The county coroner’s death certificate listed Mitchell’s manner of death as homicide and listed the causes as hypothermia and sepsis “resulting from infected injuries obtained during incarceration and medical neglect.”
When Mitchell arrived at the jail, the documents state, he had difficulty walking or standing on his own. He was disoriented, non-combative, and could not follow instructions.
“His face was painted blue from an unknown substance and officers dressed him in a ‘turtle suit,’ often used for suicidal inmates, over his otherwise nude body.
Mitchell, however, was not put on suicide watched.
Mitchell was held in an area known as BK5, often referred to as the drunk tank.
BK5 was unlike all other cells in the jail, but for observation cell AH3, which had no hole in the floor and was used only for detainees for hours at a time.
It did not have a sink, toilet, access to any running water or a raised platform to be used as a bed.
Court records show Mitchell never received any medical evaluation until the morning of his death, two weeks after he was arrested.
In fact, jailers actively denied Mitchell medical access by falsely telling medical staff that Mitchell was too combative to be evaluated “when in truth that was not the case,” documents state.
“Calling (Mitchell) combative was an excuse to mistreat him,‘’ documents state. “There was no conduct that could have been committed by (Mitchell) that would have justified the denial of medical access.”
The efforts to deny Mitchell medical and mental health care persisted event though he was frequently expressing severe mental health symptoms such as talking incoherently about “demons” and “portals.”
“He was often covered in feces, which was an indication that he could not care for himself,‘’ records state.

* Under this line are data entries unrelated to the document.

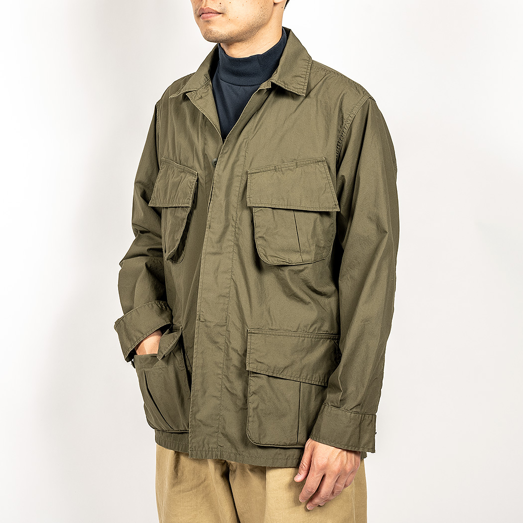 21FW から継続してファティーグジャケット。変更点はポケット。胸脇側に向かってマチが無くなる仕様。ポケットの形自体も変え、21FW とは別のオリジナル個体を参考にパターンをひき直しました。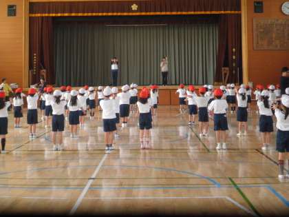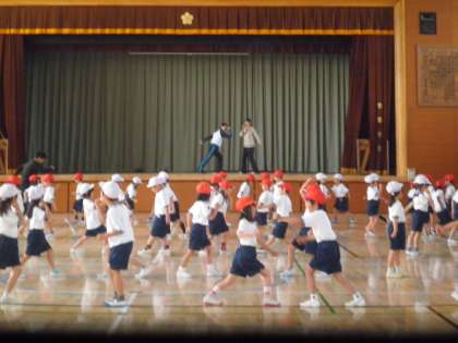 1年生が体育館でダンス練習をしていました。先生のお話をよく聞いて、難しい動きなのに、ほとんどの子が動きを真似することができていました。みんなよくお話を聞いて頑張っていました。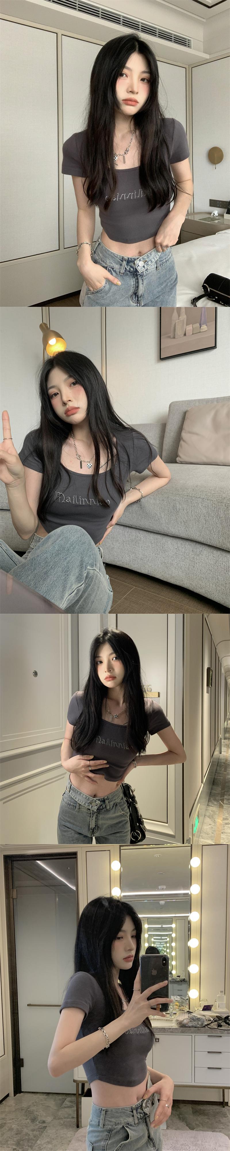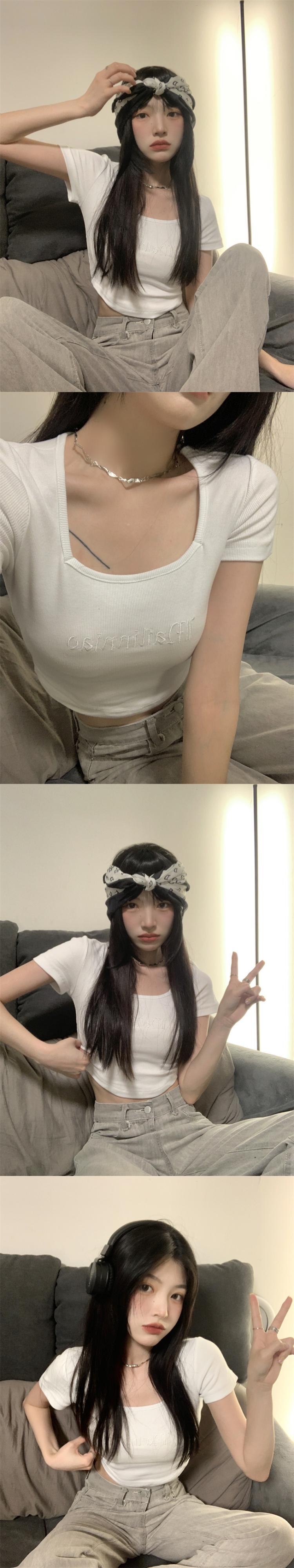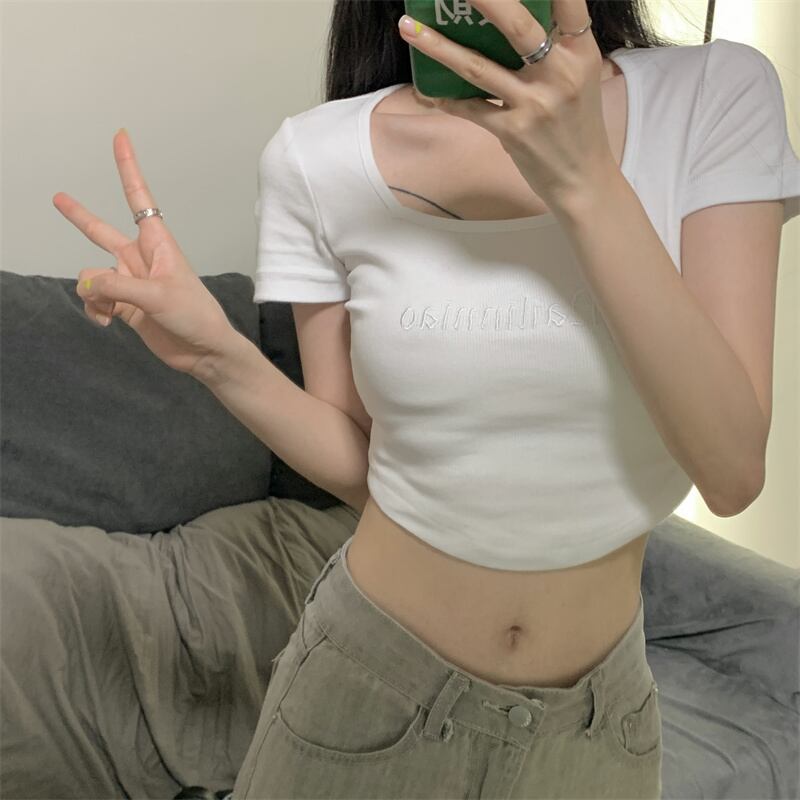 アメリカンレトロフロントショルダー半袖Tシャツレディースサマーデザインニッチシックスウィートスクエアカラーショートトップイン 大人ガーリー キュート カジュアル 夏物 スクウェア 746007225743590 | framboise21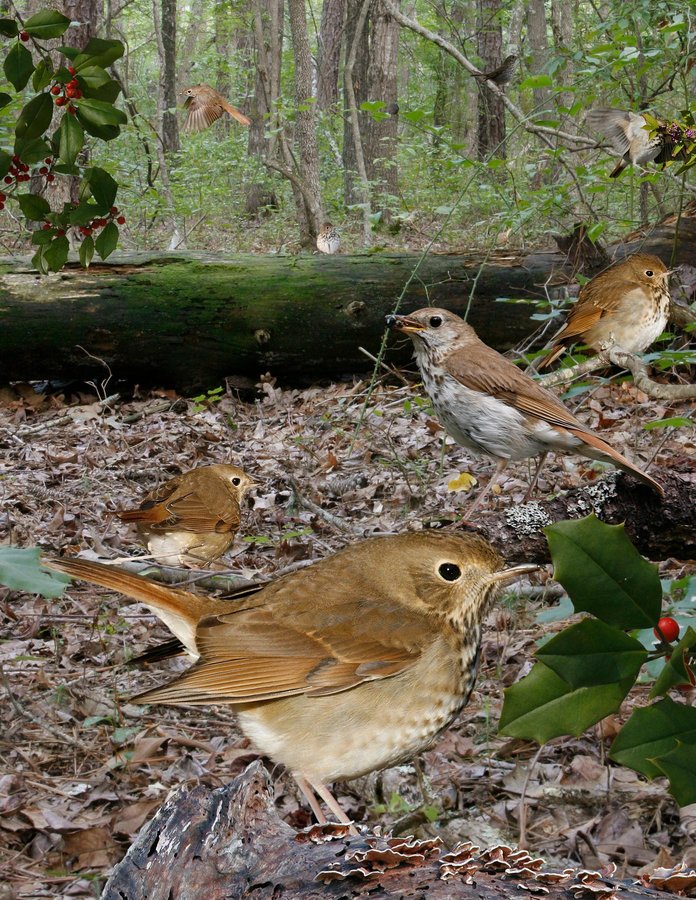 Common in a variety of forests, often with open understory. The last thrush to migrate in fall, the only one that winters in N Am, and the earliest n. in spring. Spends much of its time hopping on the ground, quite happy to come into the open, particularly in the early morning sun. Frequently flicks its wings and deliberately cocks its tail. Often seems to be trying to stand as tall as it can. Its distinctive ‘chuck’ call is a good one to learn. 2-part song, first part trailing off, second part higher-pitched than first. Different pitch when repeated. ID: A fairly distinctive thrush. Small and chunky often with tail cocked. Upperparts variably gray or brown but always with contrastingly rufous tail and wing panels (bases to primaries and greater primary coverts). Bold spots to throat. Some have bold eyering and lores approaching SWTH — size, shape, and upperpart color never overlap. BITH is always dark.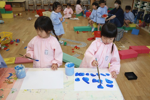 そして、先日は絵の具を使ってみました。2色の絵の具を使って画用紙いっぱいに絵の具の感触を楽しみました。初めて筆を使った子もいてクレパスと違った感触で楽しんでたくさんたくさん描いている子もいました。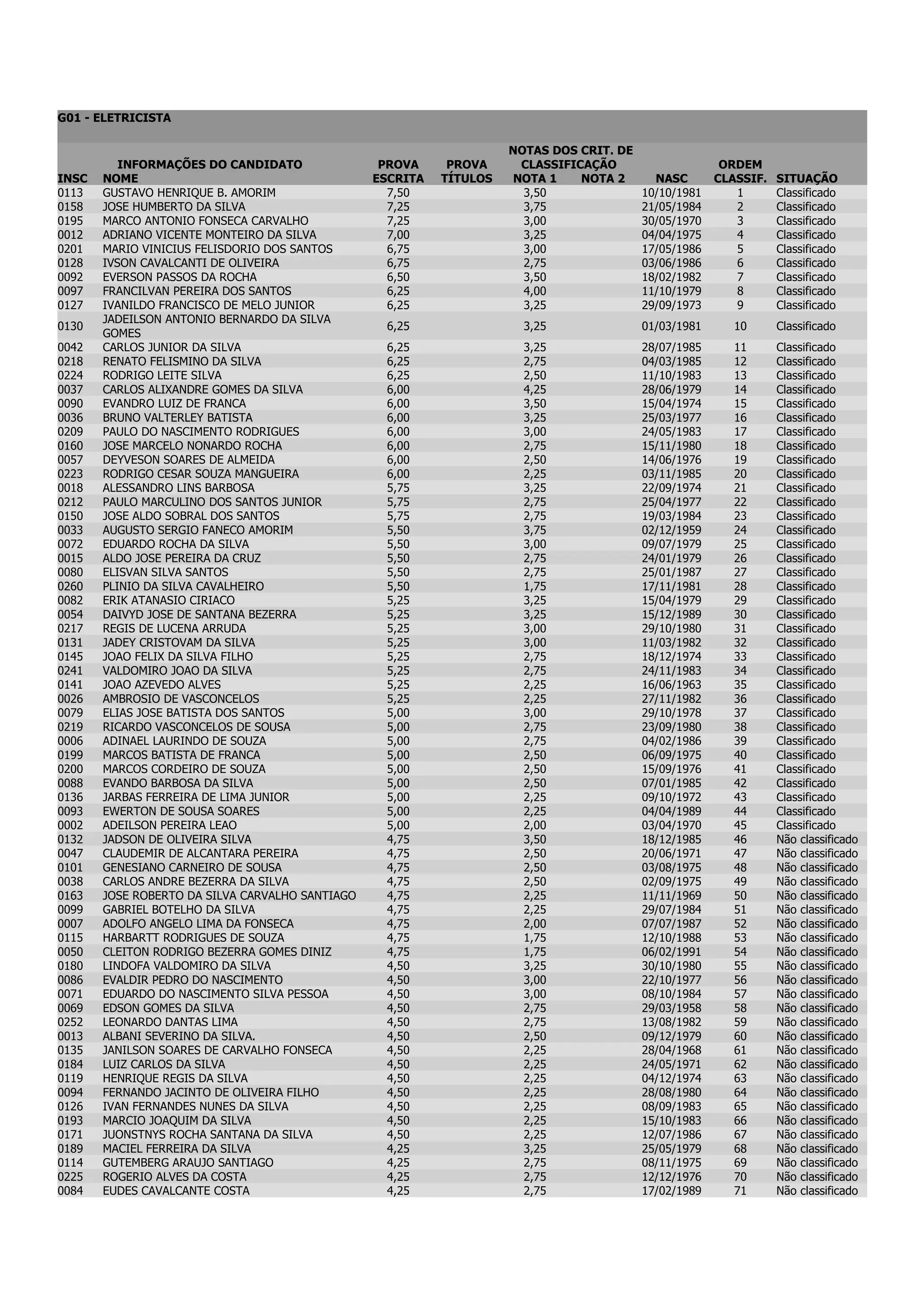 Este documento apresenta os resultados de uma prova para eletricista, classificando 96 candidatos de acordo com suas notas na prova escrita e títulos. Gustavo Henrique B. Amorim ficou em primeiro lugar, enquanto 47 candidatos não foram classificados.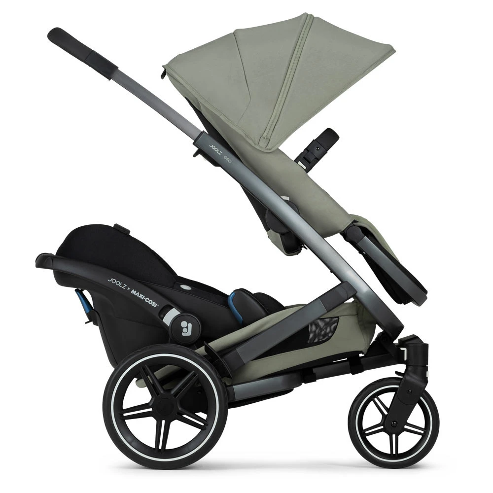 - Let op: om een tweede autostoel op de Joolz Geo3 kinderwagen te zetten, heb je ook een set bovenste autostoel adapters nodig (apart verkrijgbaar).

Mitchell deteriorated over the course of his incarceration.
“At the time he passed, (Mitchell) was almost always naked, wet, cold, and covered in feces while lying on the cement floor without a mat or blanket,‘’ the records state.

Tony Mitchell being placed in a Walker County Sheriff’s Office vehicle. (Court filing)
By the second week of being jailed, records show, Mitchell was largely listless and mostly unresponsive to questions from officers.
Repeatedly during Mitchell’s incarceration, records show, corrections officers actively chose not help him, and would dismiss his needs by saying, “(Expletive) him, he gets what he gets since he shot at cops, or words to that effect,‘’ the document states.
The officers also repeatedly made comments that Mitchell “should have been killed because he shot at deputies rather than being brough to the jail,‘’ the document says.
On the morning of January 26, 2023, a nurse repeatedly told jailers that Mitchell urgently needed to be taken to a hospital, or he could die.
They did not call an ambulance and instead waited more than three hours before taking him to the hospital in the back of a patrol car.
When he arrived at the hospital, Mitchell’s internal body temperature was reportedly 72 degrees.
Doctors tried for three hours to resuscitate him before he was declared dead at 1:15 p.m.